ACTIVITY. For every line below, restate it exactly and drop the images.

MATERIAL PROVIDED.
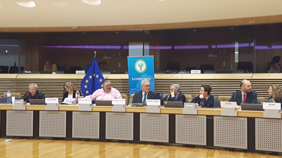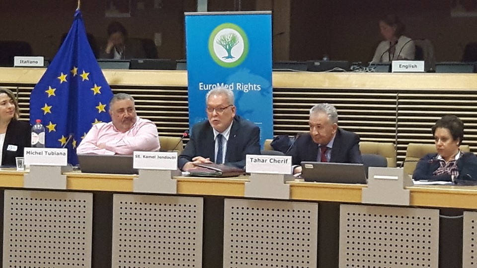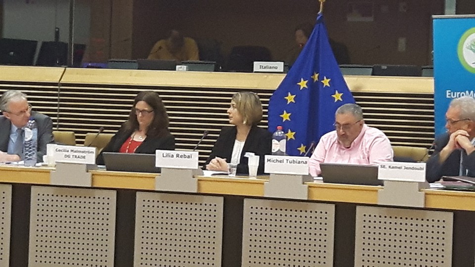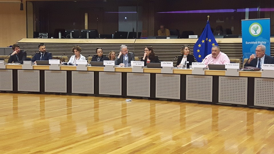 Mobilisation de la société civile pour le suivi des relations entre la Tunisie et l’Union européenne. Avec la participation de Mme Cécilia Malmstrom commissaire européenne au Commerce, Mr Kamel Jendoubi Ministre des relations avec la société civile des instances constitutionnelles et des droits de l’homme, l’ambassadeur de Tunisie à Bruxelles Mr Tahar Cherif, Michel Tubiana président du REMDH Mokhtar Trifi, Fidh, Kacem Afayya, Ugtt, Marc Poulsen, directeur du Remdh Copenhague, Khedija Cherif Atfd, Lilia Rebai REMDH Tunis et plusieurs députés européens, responsables européens et associations (Solidarité Laïque, Programme Concerté Tunisie, Solidar. ..)
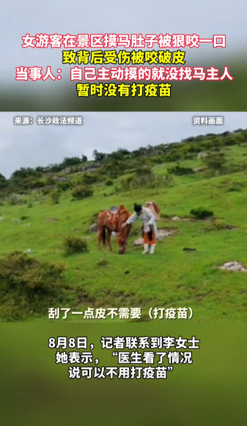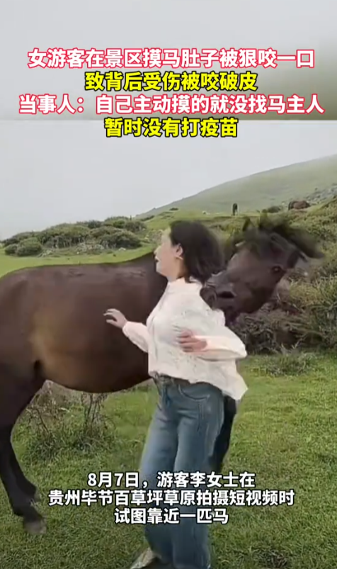 贵州毕节,女子在景区游玩时,见一匹马正在吃草,便靠近马准备拍摄视频。期间,女子没忍住摸了一下肚子,结果悲剧了,马受惊后咬了女子的后背。女子称,是自己主动摸的,没好意思找马的主人,也没有打疫苗。 根据杭州网8月9日的报道,女子是一个明事理的人,没有一出事就讹人,事情发生在6日,贵州毕节百草坪草原景区,阳光倾洒,绿草如茵,成群的牛羊马在草原上悠然自得。 游客李女士置身于这如诗如画的美景中,被眼前吃草的马儿吸引,想着拍个独特的视频,她慢慢朝着马靠近。 起初,马并未对她的靠近有特别反应,这让李女士胆子大了起来,她心想,这马看起来温顺,摸一下应该没事。 于是,她伸出手,轻轻摸向马的肚子,可谁能料到,就在她手指触碰到马肚子的瞬间,原本安静吃草的马像被点燃的火药桶,猛地扭头,对着李女士的后背就是一口。 这变故来得太快,李女士根本来不及躲避,李女士事后回忆,当时就感觉后背一阵剧痛,心里“咯噔”一下,知道坏事了。 她查看伤口,发现皮肤被刮破了,好在她穿着衣服,衣服没被咬破,只是表皮受了点伤,李女士心里清楚,是自己主动去摸马的,便觉得不好意思找马的主人理论。 她没有第一时间去医院,而是在网络上发布视频询问:“家人们,要不要打破伤风?” 第二天,李女士联系了医生,医生查看情况后,表示可以不用打疫苗,这才让李女士稍稍松了口气。 这事儿在网上传开后,网友们纷纷发表看法,有的网友调侃道:“本来就不该找马主人麻烦,这女孩有良心!” 还有网友分享自己经历:“要打疫苗,我小时候社牛就是被马咬了,当时没有去打疫苗,现在变成了牛马。” 虽是玩笑话,却也提醒着大家被马咬伤后及时处理的重要性,也有网友科普,马的腹部是敏感脆弱区域,陌生人突然触碰,会触发马强烈的防御本能,咬、踢是它们常见的自我保护反应,尤其是马在休息或进食时,警惕性更高,攻击风险更大。 还有网友根据视频中马肚子较大推测,这匹马可能处于孕期,孕期的马对外界接触会极度敏感,充满戒备和敌意。 这些意外给人们敲响了警钟,景区里的动物即便看似温顺,但其野性和不可预测性始终存在,动物有自己的习性和敏感点,我们不能仅凭主观臆断,随意靠近、触摸。 李女士的遭遇,是一个意外,也是一个提醒,在景区游玩,我们要对动物保持敬畏之心,遵守景区规定,不随意挑战动物的“底线”。 同时,景区也应加强管理,设置明显的警示标识,提醒游客注意安全,希望大家都能从这些事件中吸取教训,在享受景区美景和与动物互动乐趣时,将安全放在首位,避免类似的意外再次发生。 大家怎么看这类景区动物伤人事件呢?欢迎留言讨论。
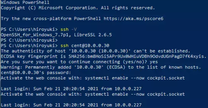 [1.1] OpenSSH đã được cài đặt theo mặc định ngay cả khi bạn đã cài đặt CentOS Stream với [Minimal] Install, vì vậy nó không cần phải cài đặt các gói mới. Bạn có thể đăng nhập bằng Xác thực mật khẩu theo mặc định. Tuy nhiên, theo mặc định, tài khoản người dùng root được phép đăng nhập, vì vậy tốt hơn là bạn nên thay đổi cài đặt.

FINISHED TASK.
 Mobilisation de la société civile pour le suivi des relations entre la Tunisie et l’Union européenne. Avec la participation de Mme Cécilia Malmstrom commissaire européenne au Commerce, Mr Kamel Jendoubi Ministre des relations avec la société civile des instances constitutionnelles et des droits de l’homme, l’ambassadeur de Tunisie à Bruxelles Mr Tahar Cherif, Michel Tubiana président du REMDH Mokhtar Trifi, Fidh, Kacem Afayya, Ugtt, Marc Poulsen, directeur du Remdh Copenhague, Khedija Cherif Atfd, Lilia Rebai REMDH Tunis et plusieurs députés européens, responsables européens et associations (Solidarité Laïque, Programme Concerté Tunisie, Solidar. ..)
 贵州毕节,女子在景区游玩时,见一匹马正在吃草,便靠近马准备拍摄视频。期间,女子没忍住摸了一下肚子,结果悲剧了,马受惊后咬了女子的后背。女子称,是自己主动摸的,没好意思找马的主人,也没有打疫苗。 根据杭州网8月9日的报道,女子是一个明事理的人,没有一出事就讹人,事情发生在6日,贵州毕节百草坪草原景区,阳光倾洒,绿草如茵,成群的牛羊马在草原上悠然自得。 游客李女士置身于这如诗如画的美景中,被眼前吃草的马儿吸引,想着拍个独特的视频,她慢慢朝着马靠近。 起初,马并未对她的靠近有特别反应,这让李女士胆子大了起来,她心想,这马看起来温顺,摸一下应该没事。 于是,她伸出手,轻轻摸向马的肚子,可谁能料到,就在她手指触碰到马肚子的瞬间,原本安静吃草的马像被点燃的火药桶,猛地扭头,对着李女士的后背就是一口。 这变故来得太快,李女士根本来不及躲避,李女士事后回忆,当时就感觉后背一阵剧痛,心里“咯噔”一下,知道坏事了。 她查看伤口,发现皮肤被刮破了,好在她穿着衣服,衣服没被咬破,只是表皮受了点伤,李女士心里清楚,是自己主动去摸马的,便觉得不好意思找马的主人理论。 她没有第一时间去医院,而是在网络上发布视频询问:“家人们,要不要打破伤风?” 第二天,李女士联系了医生,医生查看情况后,表示可以不用打疫苗,这才让李女士稍稍松了口气。 这事儿在网上传开后,网友们纷纷发表看法,有的网友调侃道:“本来就不该找马主人麻烦,这女孩有良心!” 还有网友分享自己经历:“要打疫苗,我小时候社牛就是被马咬了,当时没有去打疫苗,现在变成了牛马。” 虽是玩笑话,却也提醒着大家被马咬伤后及时处理的重要性,也有网友科普,马的腹部是敏感脆弱区域,陌生人突然触碰,会触发马强烈的防御本能,咬、踢是它们常见的自我保护反应,尤其是马在休息或进食时,警惕性更高,攻击风险更大。 还有网友根据视频中马肚子较大推测,这匹马可能处于孕期,孕期的马对外界接触会极度敏感,充满戒备和敌意。 这些意外给人们敲响了警钟,景区里的动物即便看似温顺,但其野性和不可预测性始终存在,动物有自己的习性和敏感点,我们不能仅凭主观臆断,随意靠近、触摸。 李女士的遭遇,是一个意外,也是一个提醒,在景区游玩,我们要对动物保持敬畏之心,遵守景区规定,不随意挑战动物的“底线”。 同时,景区也应加强管理,设置明显的警示标识,提醒游客注意安全,希望大家都能从这些事件中吸取教训,在享受景区美景和与动物互动乐趣时,将安全放在首位,避免类似的意外再次发生。 大家怎么看这类景区动物伤人事件呢?欢迎留言讨论。
 [1.1] OpenSSH đã được cài đặt theo mặc định ngay cả khi bạn đã cài đặt CentOS Stream với [Minimal] Install, vì vậy nó không cần phải cài đặt các gói mới. Bạn có thể đăng nhập bằng Xác thực mật khẩu theo mặc định. Tuy nhiên, theo mặc định, tài khoản người dùng root được phép đăng nhập, vì vậy tốt hơn là bạn nên thay đổi cài đặt.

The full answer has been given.